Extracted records
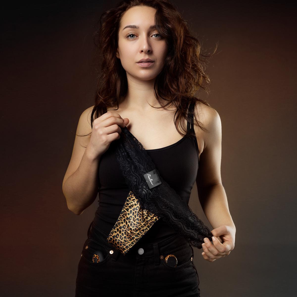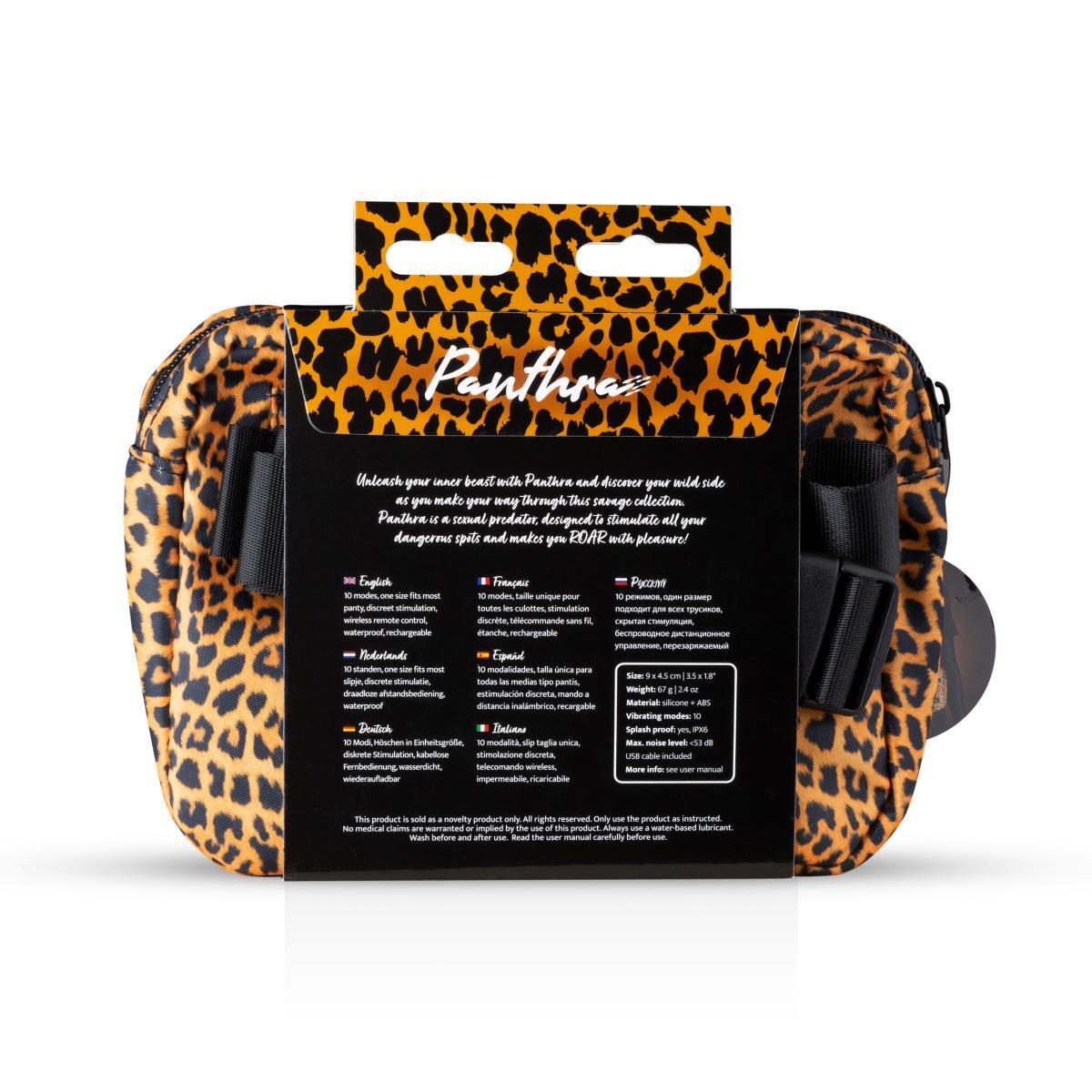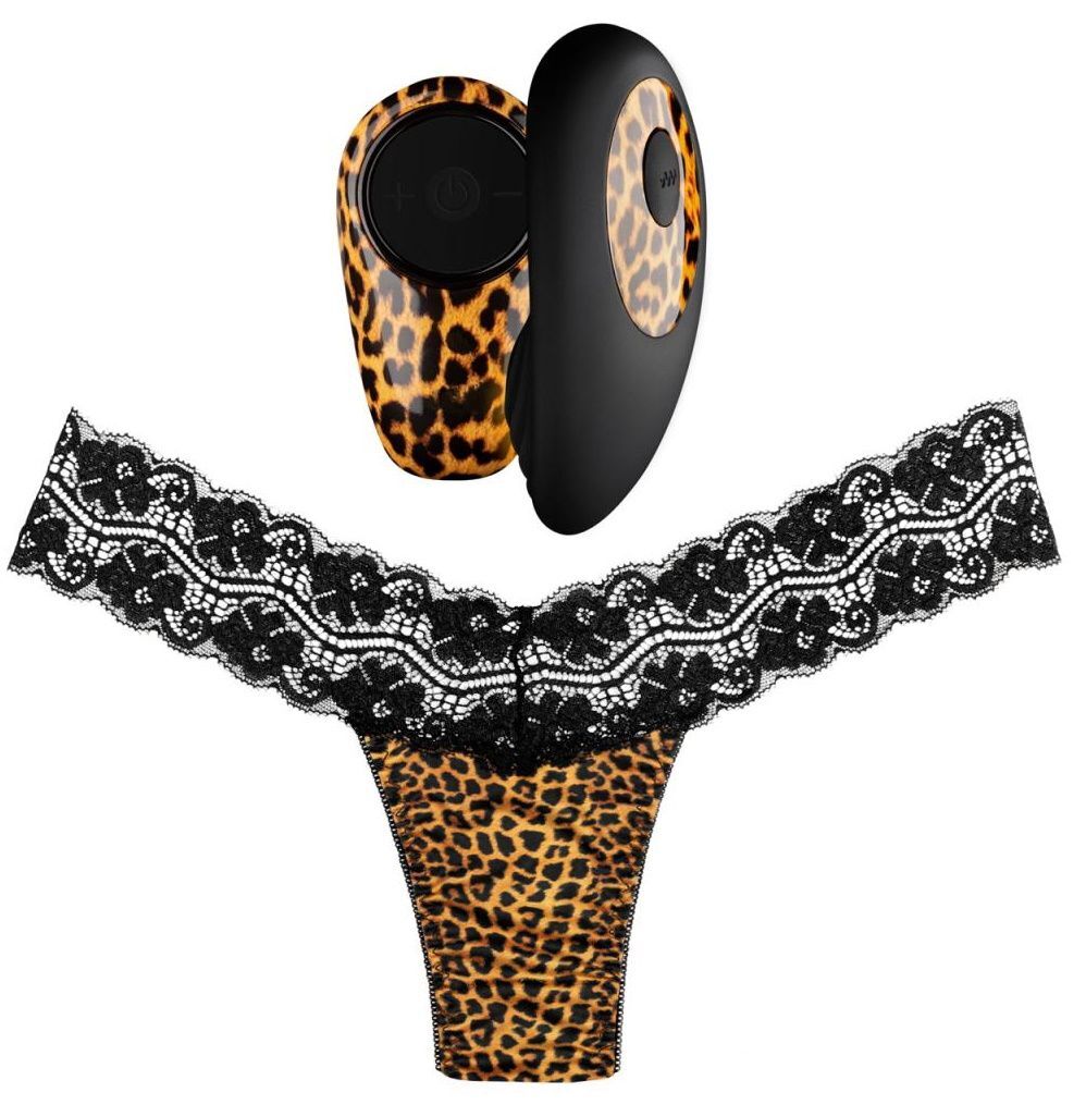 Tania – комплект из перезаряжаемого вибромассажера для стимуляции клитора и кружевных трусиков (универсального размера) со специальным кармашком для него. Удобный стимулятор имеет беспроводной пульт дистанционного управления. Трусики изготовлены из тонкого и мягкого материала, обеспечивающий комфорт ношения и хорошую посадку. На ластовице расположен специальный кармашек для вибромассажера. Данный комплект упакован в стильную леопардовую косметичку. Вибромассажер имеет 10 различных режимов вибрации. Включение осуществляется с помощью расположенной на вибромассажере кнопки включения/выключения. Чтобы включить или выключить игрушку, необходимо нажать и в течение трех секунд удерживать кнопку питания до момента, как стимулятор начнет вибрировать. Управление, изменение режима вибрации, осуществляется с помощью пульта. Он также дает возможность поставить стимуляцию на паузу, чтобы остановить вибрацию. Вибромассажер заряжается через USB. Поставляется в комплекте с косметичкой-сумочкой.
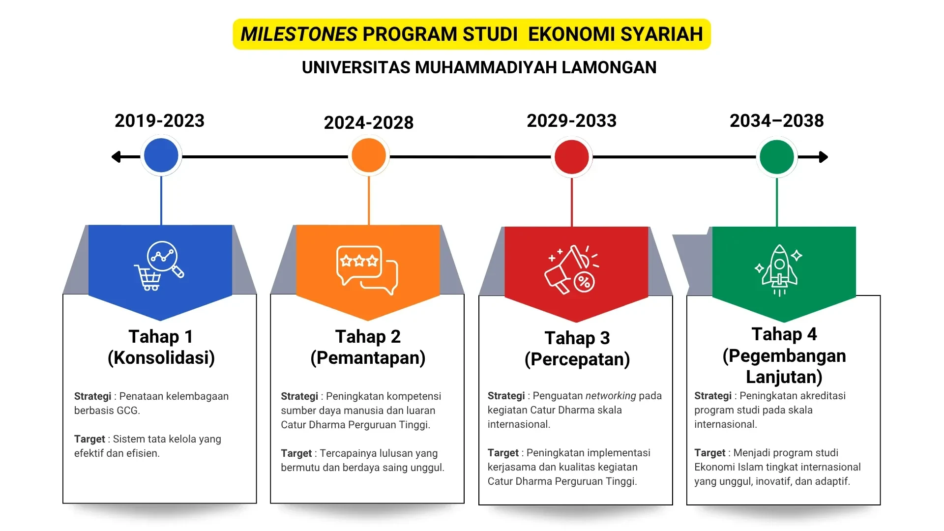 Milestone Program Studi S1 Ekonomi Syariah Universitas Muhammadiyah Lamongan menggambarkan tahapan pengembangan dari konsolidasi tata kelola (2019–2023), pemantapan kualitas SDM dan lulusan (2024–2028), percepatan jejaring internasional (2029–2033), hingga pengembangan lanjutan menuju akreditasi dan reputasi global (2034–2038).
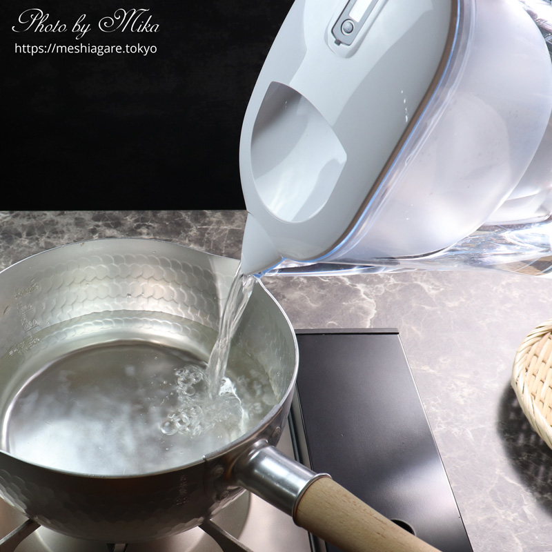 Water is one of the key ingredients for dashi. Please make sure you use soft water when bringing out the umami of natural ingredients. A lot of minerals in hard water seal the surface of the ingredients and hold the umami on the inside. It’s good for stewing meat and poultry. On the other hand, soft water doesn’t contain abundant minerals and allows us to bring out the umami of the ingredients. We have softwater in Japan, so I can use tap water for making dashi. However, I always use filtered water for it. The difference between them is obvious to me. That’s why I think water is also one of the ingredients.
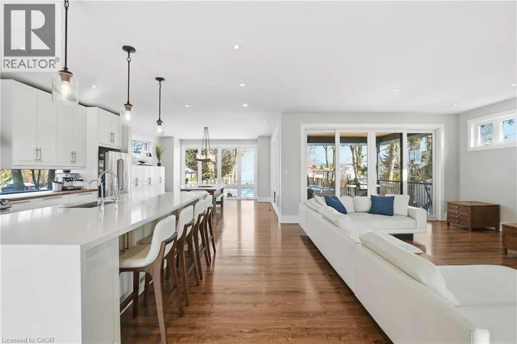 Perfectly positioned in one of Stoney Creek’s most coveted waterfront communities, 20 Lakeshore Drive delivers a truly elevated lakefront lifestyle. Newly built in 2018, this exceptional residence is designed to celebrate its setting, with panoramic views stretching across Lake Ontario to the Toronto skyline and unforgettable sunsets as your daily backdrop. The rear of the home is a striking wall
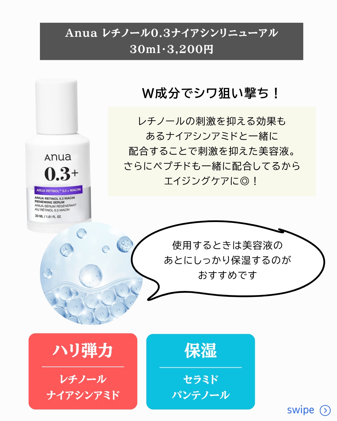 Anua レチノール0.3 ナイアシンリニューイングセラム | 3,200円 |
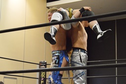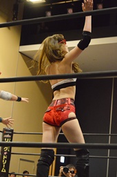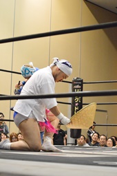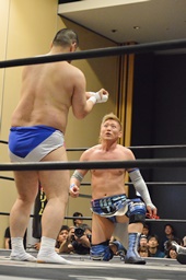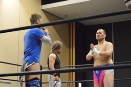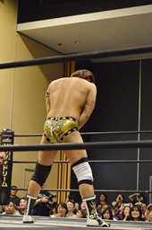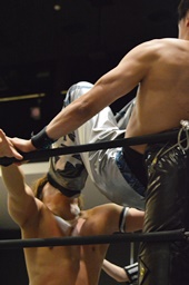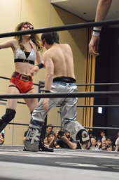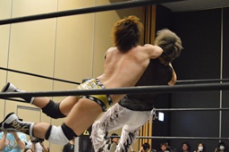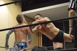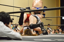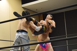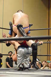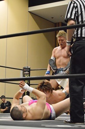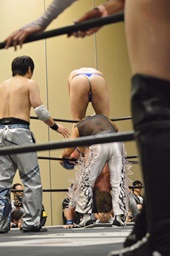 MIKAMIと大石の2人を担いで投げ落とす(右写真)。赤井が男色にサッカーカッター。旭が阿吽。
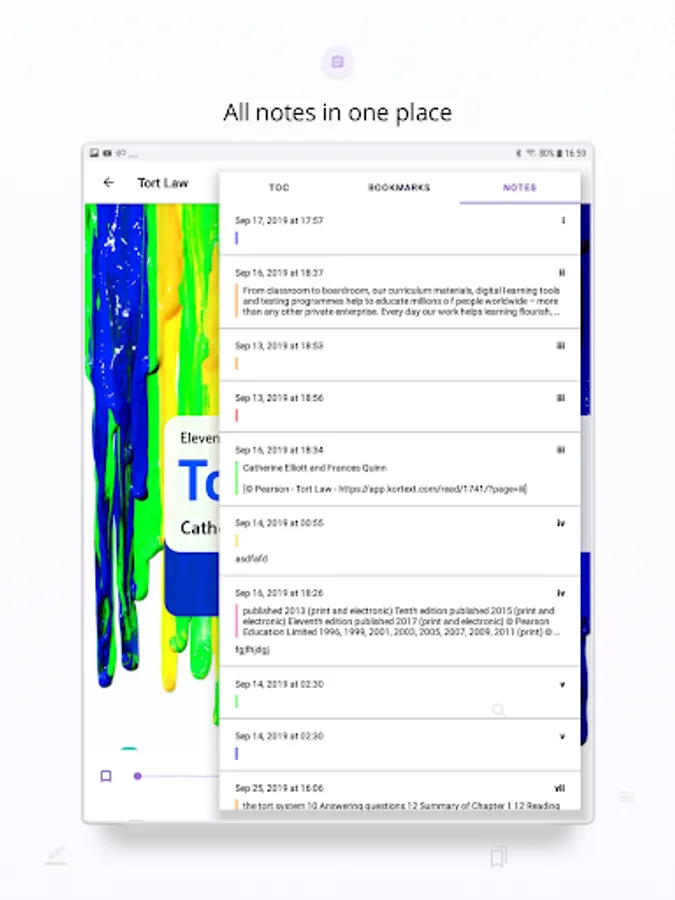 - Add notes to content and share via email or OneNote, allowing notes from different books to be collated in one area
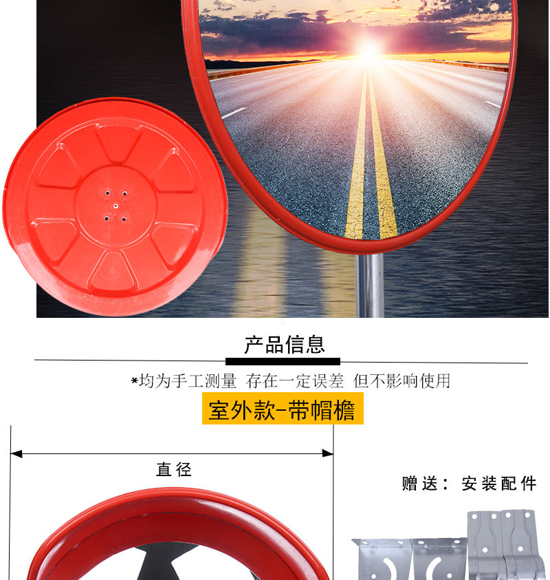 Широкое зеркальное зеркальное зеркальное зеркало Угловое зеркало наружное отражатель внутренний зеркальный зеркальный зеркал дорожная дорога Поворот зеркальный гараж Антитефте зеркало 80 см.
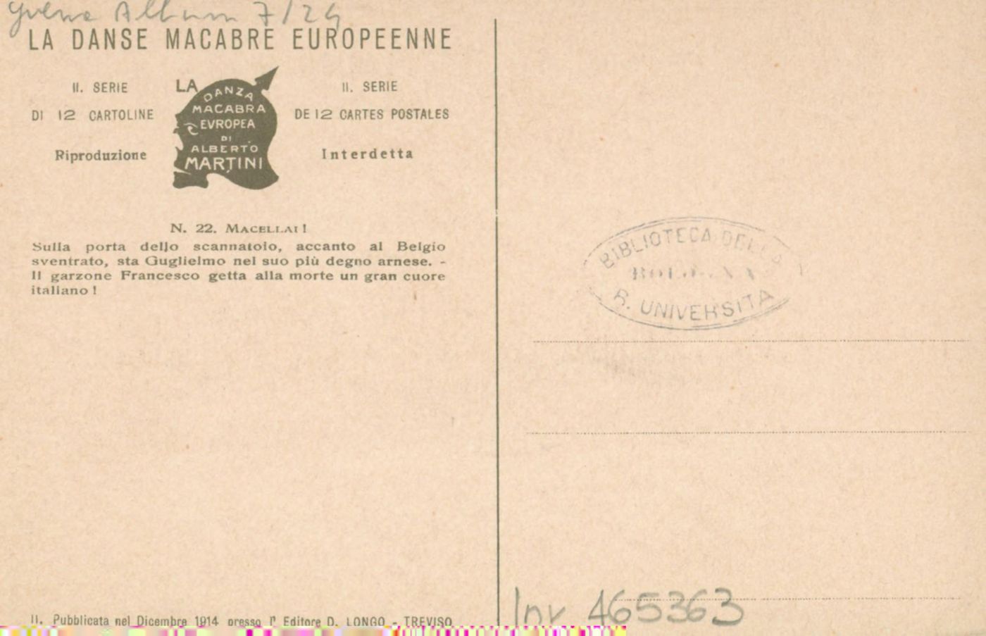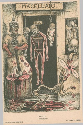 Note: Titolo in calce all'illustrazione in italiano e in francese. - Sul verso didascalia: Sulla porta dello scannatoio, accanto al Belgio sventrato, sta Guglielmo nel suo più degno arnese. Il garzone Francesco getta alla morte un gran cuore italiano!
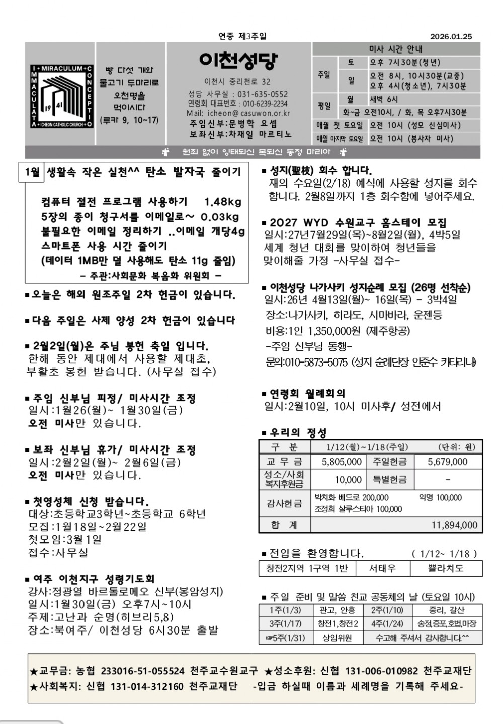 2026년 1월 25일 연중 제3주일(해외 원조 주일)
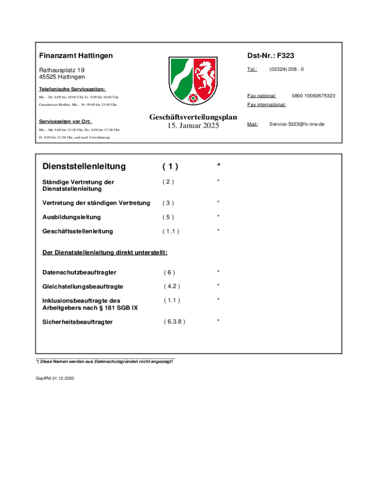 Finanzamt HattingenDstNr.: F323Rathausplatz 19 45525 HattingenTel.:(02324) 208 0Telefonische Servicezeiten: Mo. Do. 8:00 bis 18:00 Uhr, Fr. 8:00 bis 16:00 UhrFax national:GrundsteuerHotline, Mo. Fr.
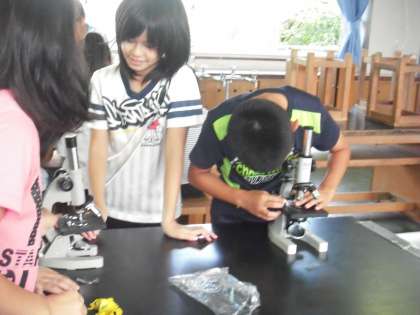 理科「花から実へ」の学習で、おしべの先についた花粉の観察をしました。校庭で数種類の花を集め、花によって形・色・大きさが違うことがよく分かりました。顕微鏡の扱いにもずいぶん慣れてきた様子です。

EXERCISE:
Exact copy, pictures excluded: print only the lines from the line containing "Finanzamt HattingenDstNr.: F323Rathausplatz" through the end of the records.

EXERCISE SOLUTION:
 Finanzamt HattingenDstNr.: F323Rathausplatz 19 45525 HattingenTel.:(02324) 208 0Telefonische Servicezeiten: Mo. Do. 8:00 bis 18:00 Uhr, Fr. 8:00 bis 16:00 UhrFax national:GrundsteuerHotline, Mo. Fr.
 理科「花から実へ」の学習で、おしべの先についた花粉の観察をしました。校庭で数種類の花を集め、花によって形・色・大きさが違うことがよく分かりました。顕微鏡の扱いにもずいぶん慣れてきた様子です。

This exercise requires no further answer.